### EXERCISE GOAL
When you reach the line that contains "为加强毕业生理想信念教育,让" in the data below, start reproducing lines exactly, and stop after the line that contains "A50昨日再收长阳柱,刺破日".

### PROVIDED DATA
::::::

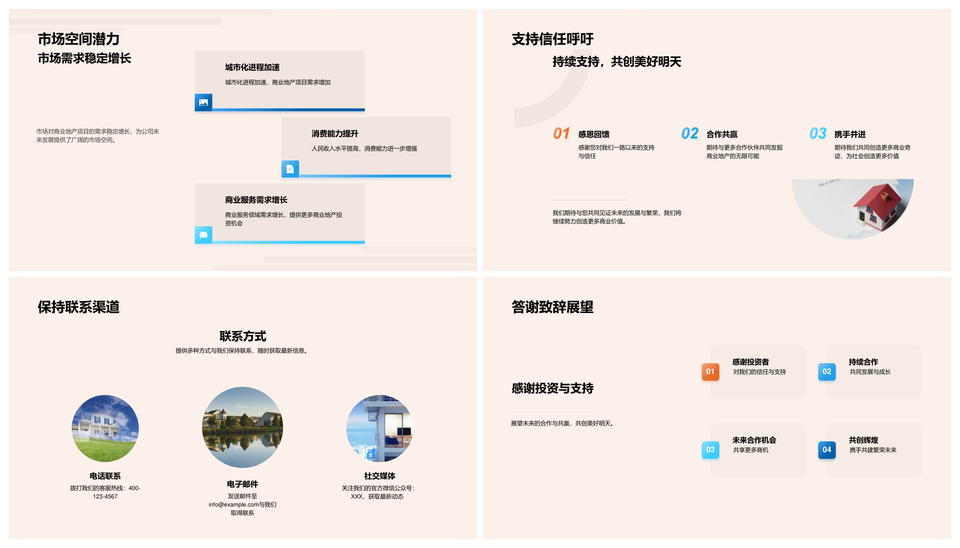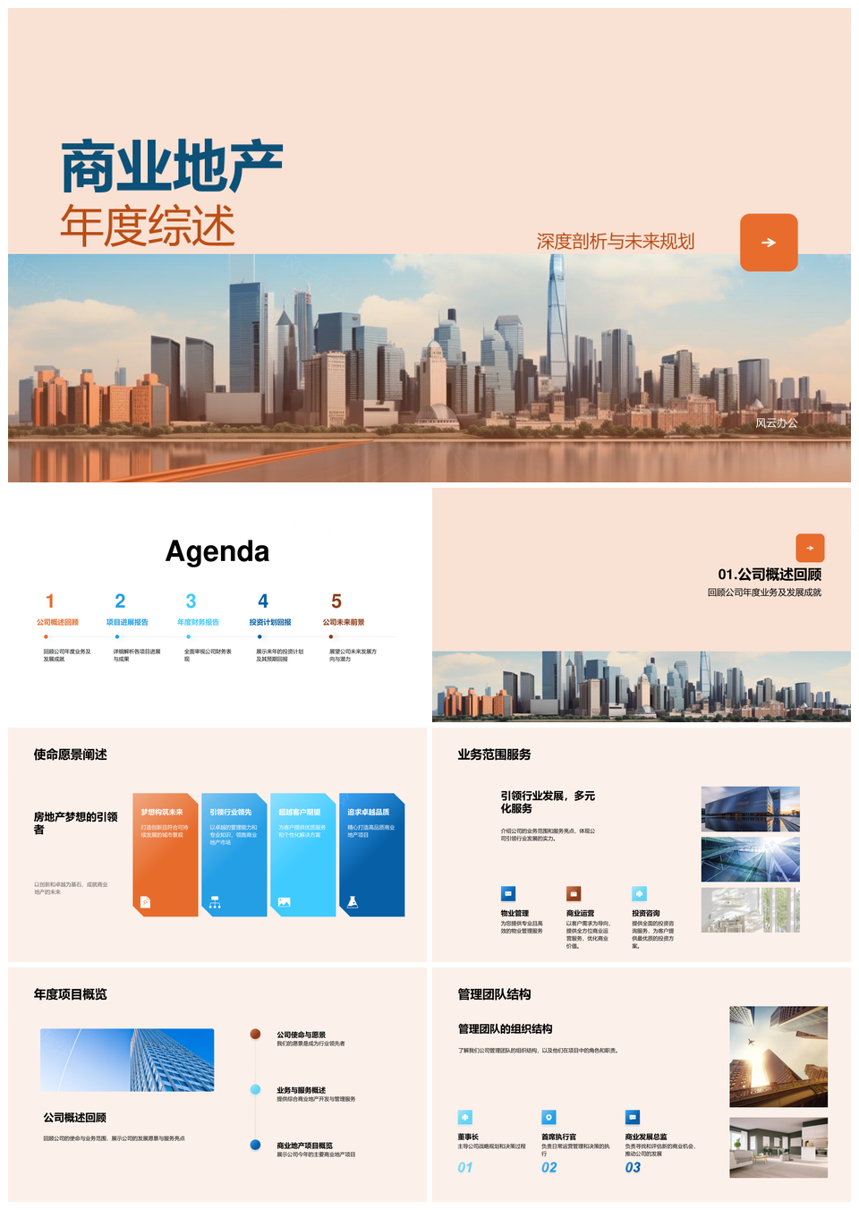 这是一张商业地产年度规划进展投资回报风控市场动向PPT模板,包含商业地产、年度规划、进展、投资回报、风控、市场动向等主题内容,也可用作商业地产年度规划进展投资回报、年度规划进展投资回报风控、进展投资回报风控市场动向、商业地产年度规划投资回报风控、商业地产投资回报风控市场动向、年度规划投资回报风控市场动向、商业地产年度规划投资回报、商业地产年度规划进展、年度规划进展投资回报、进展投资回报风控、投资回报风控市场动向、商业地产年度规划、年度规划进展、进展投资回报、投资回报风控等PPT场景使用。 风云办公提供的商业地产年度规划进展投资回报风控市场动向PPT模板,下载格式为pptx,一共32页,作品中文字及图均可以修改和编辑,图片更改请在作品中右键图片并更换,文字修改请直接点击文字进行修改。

::::::

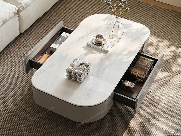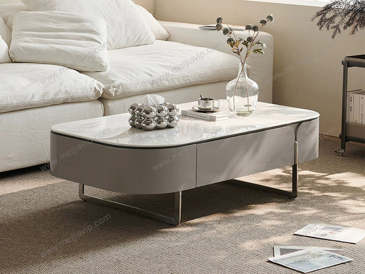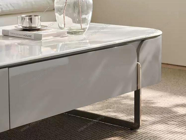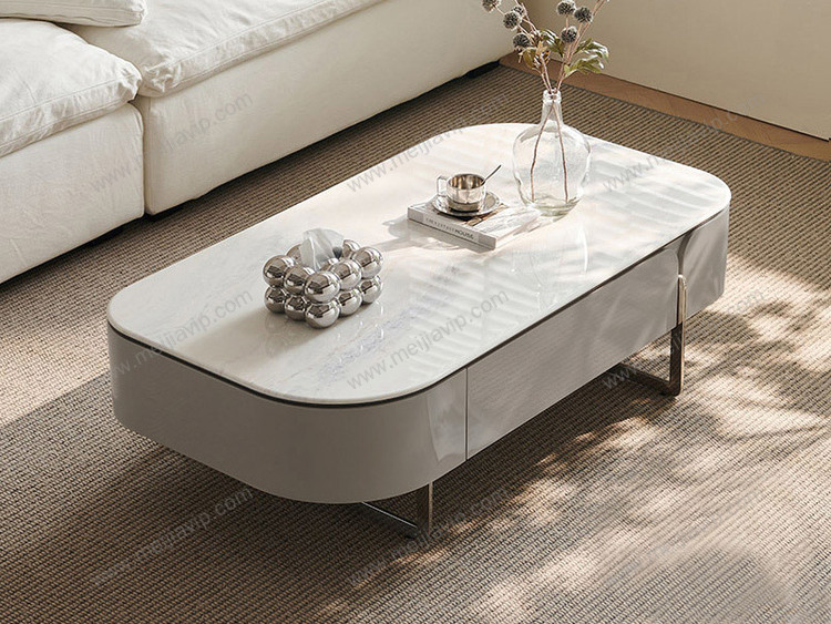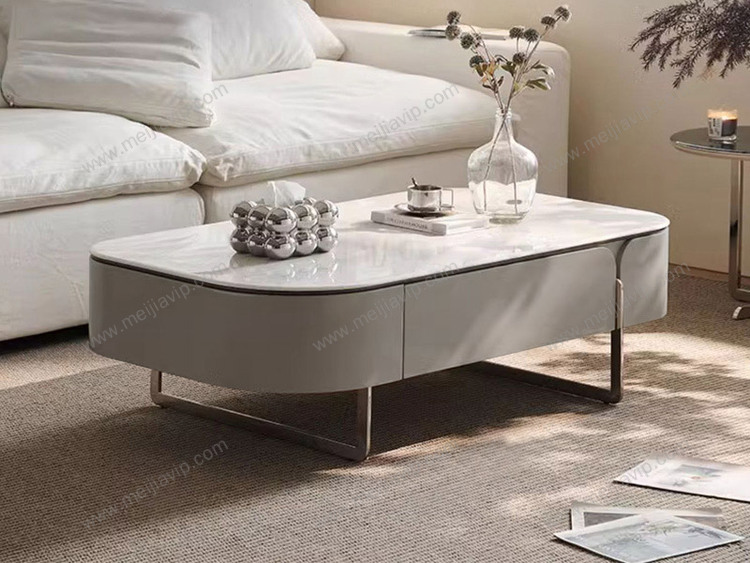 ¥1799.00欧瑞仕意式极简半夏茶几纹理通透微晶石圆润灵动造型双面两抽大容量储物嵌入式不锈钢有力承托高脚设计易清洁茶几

::::::

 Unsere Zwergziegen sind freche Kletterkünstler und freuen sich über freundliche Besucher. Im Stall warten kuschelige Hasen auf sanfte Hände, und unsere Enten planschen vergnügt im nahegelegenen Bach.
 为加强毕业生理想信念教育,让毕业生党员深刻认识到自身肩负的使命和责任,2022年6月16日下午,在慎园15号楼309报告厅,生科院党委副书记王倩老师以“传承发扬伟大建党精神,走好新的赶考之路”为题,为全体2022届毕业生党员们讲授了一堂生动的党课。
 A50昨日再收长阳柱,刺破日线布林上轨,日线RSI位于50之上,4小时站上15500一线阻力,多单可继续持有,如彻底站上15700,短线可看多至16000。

::::::

### RESPONSE BELOW
 为加强毕业生理想信念教育,让毕业生党员深刻认识到自身肩负的使命和责任,2022年6月16日下午,在慎园15号楼309报告厅,生科院党委副书记王倩老师以“传承发扬伟大建党精神,走好新的赶考之路”为题,为全体2022届毕业生党员们讲授了一堂生动的党课。
 A50昨日再收长阳柱,刺破日线布林上轨,日线RSI位于50之上,4小时站上15500一线阻力,多单可继续持有,如彻底站上15700,短线可看多至16000。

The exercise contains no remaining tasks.